I ran into this issue a different way. The controllers that had this attribute [SessionState(SessionStateBehavior.ReadOnly)] were reading from a different session even though I had set a value in the original session upon app startup. I was adding the session value via the _layout.cshtml (maybe not the best idea?)
It was clearly the ReadOnly causing the issue because when I removed the attribute, the original session (and SessionId) would stay in tact. Using Claudio's/Microsoft's solution fixed it.

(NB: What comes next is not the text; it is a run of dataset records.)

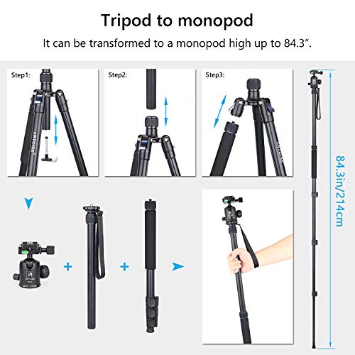 Treppiede per fotocamera 210 cm, monopiede per treppiede da viaggio ARTCISE AF30 in lega di alluminio, testa a sfera interamente in metallo da 36 mm e colonna centrale, carico massimo 15 kg
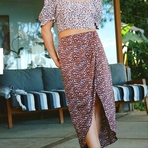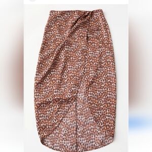 URBAN OUTFITTERS Leopard print Satin kelly Tulip wrap midi skirt. Size XS
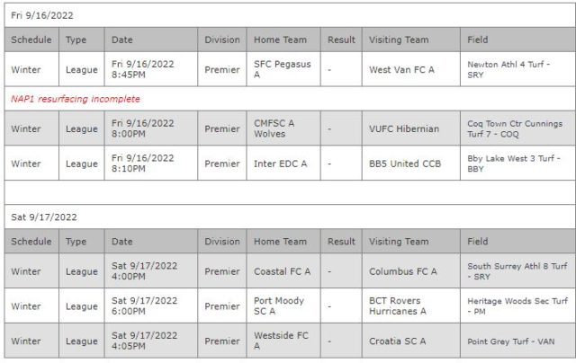 The final two matches of the opening weekend were also decided by a one goal margin, with Emile Saimovici’s goal giving Croatia SC the 1-0 win over West Van.
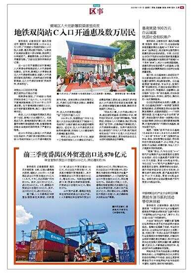 新快报讯 记者李应华 通讯员徐洁芹 黄蓉芳 李幸子报道 10月30日上午10时,广州地铁13号线双岗站C入口投入运营,惠及周边数万居民。“以前我们去地铁站要走十多分钟路,现在两三分钟就到了。最重要的是,以后再也不用横穿马路。”文船社区居民郑强告诉记者。
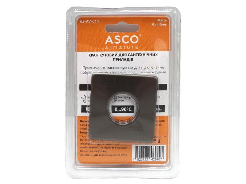 Кутовий кран ASCO використовують для підключення сантехнічних приладів, таких як пральні машини, до системи водопостачання за допомогою гнучких шлангів з накидною гайкою. Виготовлений із високоякісної латуні, яка не містить шкідливих речовин, та має матове покриття темно-сірого кольору. Це надає йому не тільки міцності, а й захищає від подряпин. Витримує тиск до 10 бар та температуру від 0°C до +90°C та розрахований мінімум на 3000 циклів. Кран дуже компактний (7х3,5 см) і має два виходи із зовнішньою різьбою (1/2"х3/4"). Монтується будь-яким зручним способом: вертикально та горизонтально. Гарантійний термін — 1 рік. Виробництво — Китай.

I'm on .NET Core 2.1 and I'm well aware that the question isn't about Core. Yet the internet is lacking and Google brought me here so hoping to save someone a few hours.
Startup.cs
services.AddCors(o => o.AddPolicy("AllowAll", builder =>
{
builder
.WithOrigins("http://localhost:3000") // important
.AllowCredentials() // important
.AllowAnyMethod()
.AllowAnyHeader(); // obviously just for testing
}));
client.js
const resp = await fetch("https://localhost:5001/api/user", {
method: 'POST',
credentials: 'include', // important
headers: {
'Content-Type': 'application/json'
},
body: JSON.stringify(data)
})
Controllers/LoginController.cs
namespace WebServer.Controllers
{
[Route("api/[controller]")]
[ApiController]
public class UserController : ControllerBase
{
[HttpPost]
public IEnumerable<string> Post([FromBody]LoginForm lf)
{
string prevUsername = HttpContext.Session.GetString("username");
Console.WriteLine("Previous username: " + prevUsername);
HttpContext.Session.SetString("username", lf.username);
return new string[] { lf.username, lf.password };
}
}
}
Notice that the session writing and reading works, yet no cookies seem to be passed to the browser. At least I couldn't find a "Set-Cookie" header anywhere.